Originally Posted by *grendal82002* 
I dont know if this has been dicussed before, but one of they many reasons parents circumcise boys if because of the cleanliness issue and the eas factor. They dont want to pull back the foreskin and clean it. They feel its too much work and too invasive and its much easier to have it cicumcised. Yet today they way doctors are circumcising boys, the information they get on cleaning their child (however wrong it may be) is to pull back the remaining foreskin and wipe it. This is kind of a paradox to me, they are circ'ing because they want to avoid this, yet they have to do it anyway. Don't they see a correlation here? This world confuses the hell out of me.
Because at the same time when you leave the child intact your not suppose to pull it back so it ends up being less work and much much easier.

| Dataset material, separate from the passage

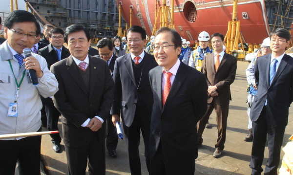 È«ÁØÇ¥ Áö»ç´Â ¡°°æ³² 50³â ¹Ì·¡Àü·«»ê¾÷ Áß ÇϳªÀÎ Á¶¼±»ê¾÷ÇØ¾çƯ±¸°¡ °æ»ó³²µµ¿Í °í¼º±ºÀÇ ¹Ì·¡ ¼ºÀå µ¿·ÂÀÌ µÉ ¼ö ÀÖµµ·Ï µµ Â÷¿ø¿¡¼ Áö¼ÓÀûÀÎ Áö¿øÀ» ¾Æ³¢Áö ¾Ê°Ú´Ù¡±°í ¹àÇû´Ù.

I dont undertand this world.

That's really interesting. Could you give me some sources to look at on this one? I didn't know that in most or all circs, that they normally left a piece of the foreskin there. That would be a GREAT argument against circ!


----------



## Anastasiya (Jun 13, 2006)

Quote:


Originally Posted by *BlessedMommy2006* 
That's really interesting. Could you give me some sources to look at on this one? *I didn't know that in most or all circs, that they normally left a piece of the foreskin there.* That would be a GREAT argument against circ!

They don't leave a "piece" of it, they just take less off. The tighter circs of the past led to adult erection issues, so now it's more common to remove less foreskin, which leaves a lot left sometimes that bunches up around the head of the penis and sometimes tries to reattach itself to the glans. Docs recommend pushing the skin back to clean and keep adhesions from forming.


----------



## BlessedMommy2006 (Dec 7, 2007)

Quote:


Originally Posted by *Sancta* 
They don't leave a "piece" of it, they just take less off. The tighter circs of the past led to adult erection issues, so now it's more common to remove less foreskin, which leaves a lot left sometimes that bunches up around the head of the penis and sometimes tries to reattach itself to the glans. Docs recommend pushing the skin back to clean and keep adhesions from forming.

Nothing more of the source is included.